C’est pourquoi j’ai dessiné le système en deux parties. C’est très important, parce que sous cette forme, je commence déjà à me voir comme quelque chose de complexe. Il y a le «moi» et il y a mes désirs égoïstes, ainsi que les attributs qui existent tout simplement en moi, mais je peux en quelque sorte les annuler et les modifier. Je ne suis pas du tout attaché à eux.

En raison de la découverte du «qui je suis et ce que je suis », je commence à sentir en même temps, que je suis dans un autre monde. Ainsi, tout autour de moi semble identique, mais quelque chose est différent, quelque chose a changé.

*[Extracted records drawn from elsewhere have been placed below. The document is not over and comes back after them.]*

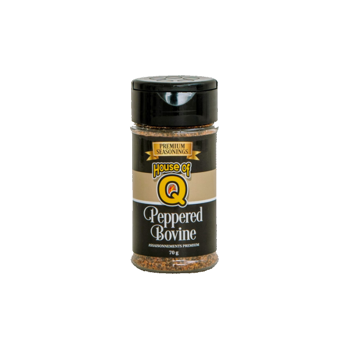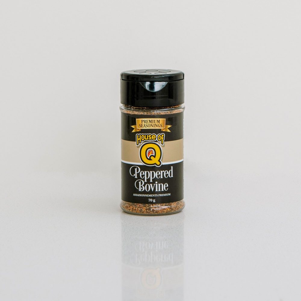 Peppered Bovine is the first in the Premium Seasonings line and is an ideal spice to season steaks and pork chops. It delicately combines the spiciness of black pepper and cayenne with the unique flavour of premium grade, dehydrated red pepper all together bringing out the best natural flavour of beef and pork.
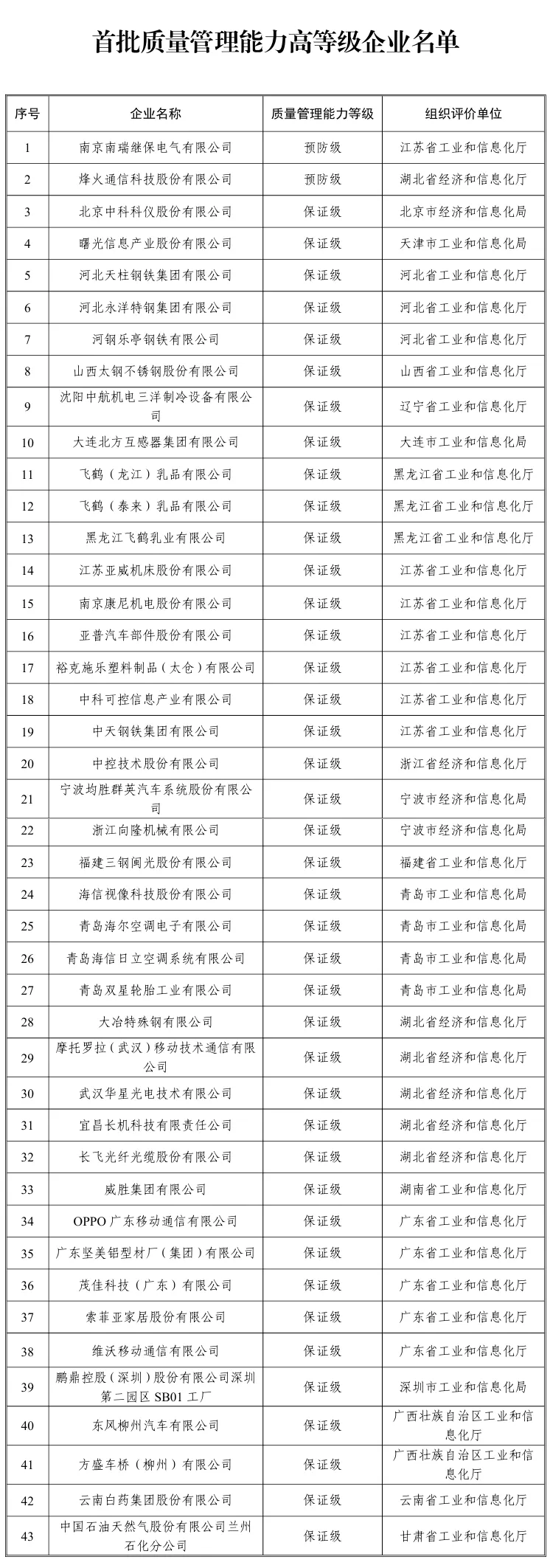 为落实《制造业卓越质量工程实施意见》(工信部联科〔2023〕249号)和《工业和信息化部办公厅关于开展2024年制造业企业质量管理能力评价工作的通知》(工信厅科函〔2024〕160号),经自评价、评价复核、二次复核、征求意见、社会公示,工信部确定了首批43家质量管理能力高等级企业名单,现予以公布。
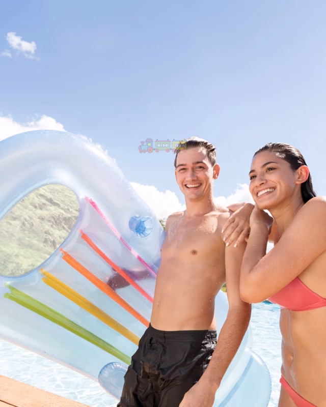 Яркие разноцветные полосы на матрасе Интекс, несомненно, понравятся и детям, и взрослым.
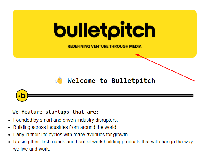 bulletpitch focuses on Generation-Z startups, covering one paradigm-breaking, high-growth success a week. In addition to the name and logo, the header includes the brand’s tagline: “discover startups shaping the next generation.”

J’ai l’impression de me retrouver dans un environnement où il y a d’autres pensées, d’autres sentiments, une certaine conspiration contre moi. Je ne comprends toujours pas ce que c’est, mais je me trouve dans un endroit, où il y a beaucoup de forces différentes, de pensées différentes, et de liens différents, qui circulent autour de moi. J’ai l’impression qu’ils existent, mais ils ne m’affectent pas. Au contraire, ils ne font que de m’envelopper, et je ne peux rien faire avec eux.

Ceci est notre perception du monde : C’est très clair et conduit à des résultats clairs.